渋茶のアカネ:めくるめく世界

 豪華なテーブルに豪華な食事がテンコモリ。それにしても立派な台所、いやあれだけになると厨房だな。

    「アカネさん、頑張って作ったんだけどお口に合うと嬉しいわ」
    「アカネ、ここのルールは遠慮なく食って、飲むこと。足りなきゃ、いくらでも出て来るから安心しな」

 食べてみたらとにかく美味しい、

    「アカネさん食べるのはイイけど、お酒は注意しといてね。この三人は底なしだから、一緒にペース合わせると病院行きになっちゃうよ」

 見てると食べっぷりも凄いけど、飲みっぷりなんて水とかお茶飲んでるようにしか見えないもの。
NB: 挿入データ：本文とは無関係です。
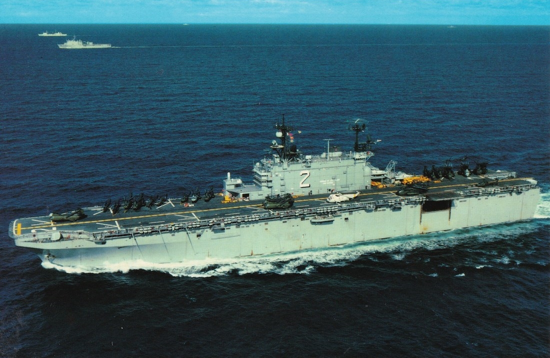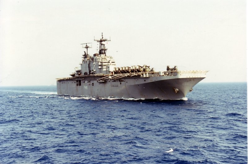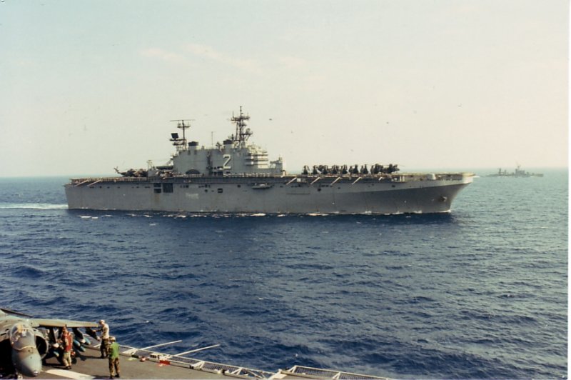 78k | USS Saipan (LHA-2) underway off Italy during NATO Exercise "Dragon Hammer", in May 1990. Photos taken from the Spanish carrier Príncipe de Asturias (R-11) | Photo by Omar Rubido, Armada Española | |
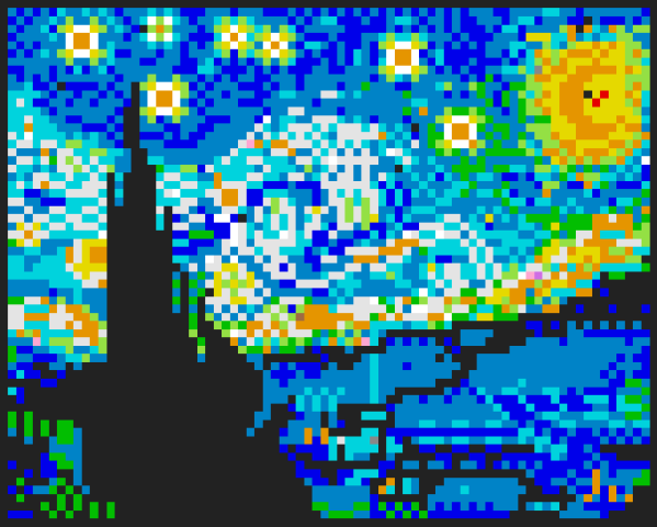 | current | 19:48, 28 July 2023 | 842 × 675 (14 KB) | Stille Willem (talk | contribs) | The 2017 rendition of The Starry Night by Vincent van Gogh. This piece was included in the Windows XP taskbar at the bottom of the canvas, although its window is not included here. |

小山社長なんてあんなに華奢な体のどこに入るのかと思うぐらい。

    「ユッキー、尻拭いさせて悪い」
    「気にしないで。まだシオリは慣れてないし、これぐらいは大したことないよ」

 まさかこれから秘密を知った、いや探ろうとしたアカネをドラム缶のコンクリート詰めにして海に沈められるとか。はたまた、海外に連れていかれて売り飛ばされるとか。う~ん、コンクリート詰めより売り飛ばされる方がマシだけど、問題はアカネが売れるかどうかかも・・・そんな最悪状態での究極の選択を考えても仕方ないか。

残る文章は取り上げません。